Королев. Главный конструктор глазами космических академиков - Владимир Степанович Губарев
Шрифт:
Интервал:
Закладка:
На первых порах нам помогало, что вся ракетная отрасль, включая науку, по сути, подчинялась военным нуждам. Создавался ядерно-ракетный щит страны. И полеты в космос или, как изначально их называли, межпланетные полеты, были частью этой программы. Существовал единый центр управления. В США всегда наблюдалась несогласованность между военным ведомством и НАСА (Национальное управление по аэронавтике и исследованию космического пространства). Второй фактор – появление у нас в 1957 году ракеты Р-7, которая опережала американцев. Она могла вынести на себе тяжелую водородную бомбу, и была способна доставить на орбиту космические аппараты. Третий фактор – плеяда гениальных ученых и конструкторов, каждый из которых создавал вокруг себя школы. Всё это позволило нам в течение почти десяти лет оставаться лидерами. Подчас мы опережали американцев чуть-чуть, но всё-таки опережали. И с первым Спутником, и с успешным орбитальным полетом Белки и Стрелки, и, конечно, с полётом Юрия Гагарина, и с первым полетом женщины-космонавта, и с первой стыковкой на орбите, и с первым лунником… И Алексей Леонов первым вышел в открытый космос.
Во второй половине 1960-х, благодаря немыслимым для нас бюджетам, американцы вырвались вперед. Но я воспринимаю историю космонавтики не как соревнование, а как сотрудничество сначала двух, а потом и большего количества держав. Такова логика исследования: шло накопление опыта. Конечно, конкуренция подстегивала и нас, и американцев. Но стратегически важнее развитие науки и техники, в которое делали вклад и наши, и американские ученые, инженеры, космонавты. А, может быть, и мы – люди, писавшие об этом.
Запуск Спутника и полёт Гагарина – это события одного порядка, и реакция на них была схожей по огромному, всемирному интересу. Впрочем, сначала никто не понимал, что это за явление – Спутник. Просто на ракету, которая создавалась в оборонительных целях, вместо болванки установили шарик, передающий сигналы. Многое решила встреча академика Игоря Курчатова с ракетчиками, когда они показали ему Спутник – и он дал добро на этот проект, увидев в нем перспективу. За несколько месяцев до запуска на одной из конференций выступал Королёв. Он открыто говорил о планах запуска аппарата на космическую орбиту. И мало кто тогда его понял. Всеобщего ликования не было.

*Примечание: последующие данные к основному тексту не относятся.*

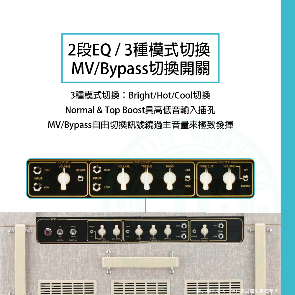 ◆擁有2段EQ、Bright/Hot/Cool 3種模式切換、MV/Bypass切換、支援腳踏開關

После запуска Спутника и до своих последних дней он оставался засекреченным, его фамилию не произносили. Кстати, даже после запуска у нас поначалу не придавали Спутнику должного значения. Сначала газеты сообщали о нем скромно, даже не на первых полосах: «В рамках международного геофизического года в СССР был запущен Искусственный Спутник Земли». Но прошел еще день – и международный резонанс оказался таким мощным, что новости об этом прорыве переместились на первые полосы. С рисунками, стихами, триумфальными шапками… Спутник изменил отношение к Советскому Союзу в мире. Ведь за Западе к нам тогда относились несерьезно, а тут оказалось, что Москва обладает средствами доставки любого объекта в любую точку земного шара. Нас стали уважать и бояться. Это военно-политическая сторона события. Но, конечно, это еще и важнейшая веха в истории космических исследований. Начало космической эры – это именно 4 октября 1957 года.
Гагарин поразил мир ничуть не меньше, чем первый Спутник. В космосе побывал человек! Каждый хотел увидеть этого человека, прикоснуться к нему. Я видел, как принимали Гагарина в разных странах. Он был советским, русским, но в то же время каждый народ его считал своим. Сыном человечества, как это ни громко звучит. И опыт, который Гагарин передал следующим космонавтам, поистине бесценен. Не случайно американские астронавты, первыми ступившие на лунную поверхность, признавались: «Нас позвал в космос Гагарин». Не забыли! Деятельность человека в космосе началась с его 108-миминутного полета, и этого из истории не вычеркнешь.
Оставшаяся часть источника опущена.